Marino Marsi lauréat du prix Friedel-Volterra 2021

To honor the memory of Vito Volterra and Jacques Friedel, the Italian Physical Society (SIF) together with the Société Française de Physique (SFP), awards a prize for a physicist involved in some Italian-French collaboration, in recognition of distinguished work in Physics research carried out within the past 10 years. The prize is jointly established in 2016 by the two Societies with the aim to commemorate the two eminent scientists as well as to strengthen the relationship between the two Societies. The prize will be awarded on an annual basis and will be alternatively announced by the SIF and SFP, respectively.

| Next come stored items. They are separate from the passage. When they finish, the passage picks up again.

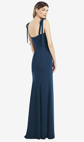 【NEW】【STYLE: 6826】脂肪 タイショルダー クレープ トランペット ガウン 前面 スリット【COLOR: Sofia Blue】【SIZE: 00-30W】
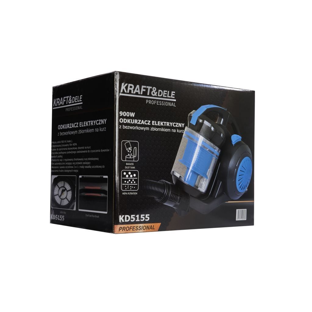 Bezsáčkový vysavač KD5155 od značky Kraft&Dele je výkonné a efektivní zařízení navržené pro důkladné čištění různých povrchů. Díky inovativní cyklonové technologii, která vířivým pohybem shromažďuje nečistoty do sběrné nádoby, není potřeba používat sáčky, což přispívá k vyšší hygieně, stálému sacímu výkonu a nižším provozním nákladům.
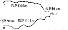 如图,某工厂与A、B两地有公路、铁路相连.这家工厂从A地购买一批每吨2000元的原料运回工厂,制成每吨7500元的产品运到B地.已知公路运价为2元/ (吨·千米),铁路运价为 1.5元/(吨·千米),且这两次运输共支出公路运输费2.6万元,铁路运输费15.6万元。
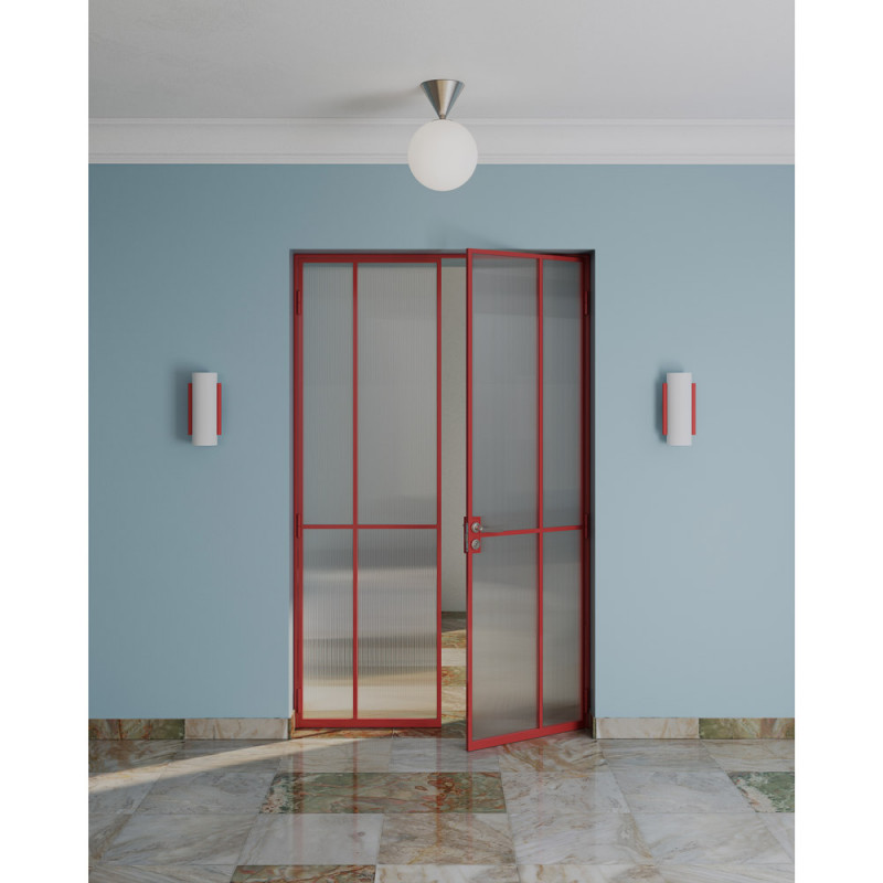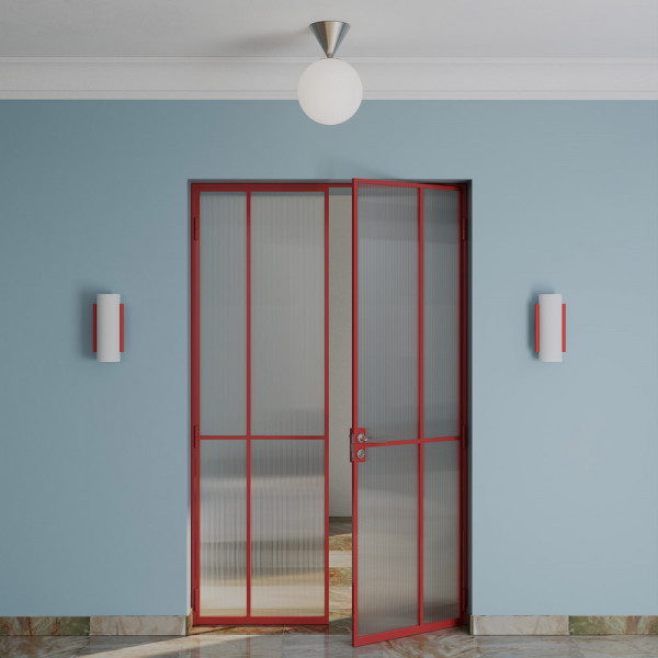 The Pion ceiling light is composed of two essential forms: an inverted cone and a sphere - a simple, almost self-evident geometry where every line finds its place. The brushed nickel or brass cone crowns a white opal glass globe. From their encounter emerges a broad, even light - perfect for structuring a space without weighing it down.
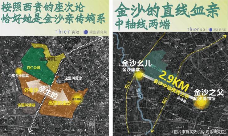 金泽路——蜀江路为轴的金沙正脉,自金沙遗址始,串联燕沙庭院、雍锦园、金悦湾、凤起朝鸣等传世奢宅环伺两侧。

Marino Marsi, professor at Paris-Saclay University, is a condensed matter physicist whose results focus on clectronic properties and ultrafast dynamics of quantum materials, such as: topological insulators and Dirac fermion ultrafast dynamics, strongly correlated electronic systems, phase transitions and out-of-equilibrium dynamics including semiconductor surfaces/interfaces.

Marino Marsi, 56, commenced his scientific activity  at Trieste and then joined the light source at Madison -University of Wisconsin where he obtained a PhD in Physics (1992). He had worked as a post-doc at EPFL (Lausanne) for three years which were very fruitful since in addition, he had experienced extended stays at LURE. Frol 1995 to 2005, as a research scientist at Sincrotrone ELETTRA at Trieste, he started developing a new approach to time-resolved spectroscopy, combining synchrotron radiation and free-electron laser (FEL) in pump-probe configuration, to explore excited surface electronic states and their dynamics. These pioneering experiments have been the beginning of a series of successful research projects carried on in collaboration with French scientists operating at the LURE synchrotron radiation source (Orsay), in particular with Amina Taleb and the FEL group (led by M.E. Couprie and M. Billardon). These measurements, performed with a time resolution on the picosecond scale, made it possible to measure the effects of surface states on the band dynamics in Si(111) 2x1 and the effects of UV photoexcitation on SiO2/Si interfaces. Thanks to the novelty of the topic and of the experimental approach, this work raised a strong interest..

In 2005 he joined the Laboratoire de Physique des Solides in Orsay, where he established a group devoted to the study of electronic properties of quantum materials, with special emphasis on their out-of-equilibrium dynamics on the femtosecond time scale. Among the main results: the microscopic evolution of the Mott transition in correlated oxides,the study of transient non-thermal phases in Mott-Hubbard systems, the real-time study of photoexcited Dirac fermion dynamics in topological insulators. He also coordinates the Ultrafast Dynamics activities in Paris-Saclay in the framework of an excellence center (labex PALM).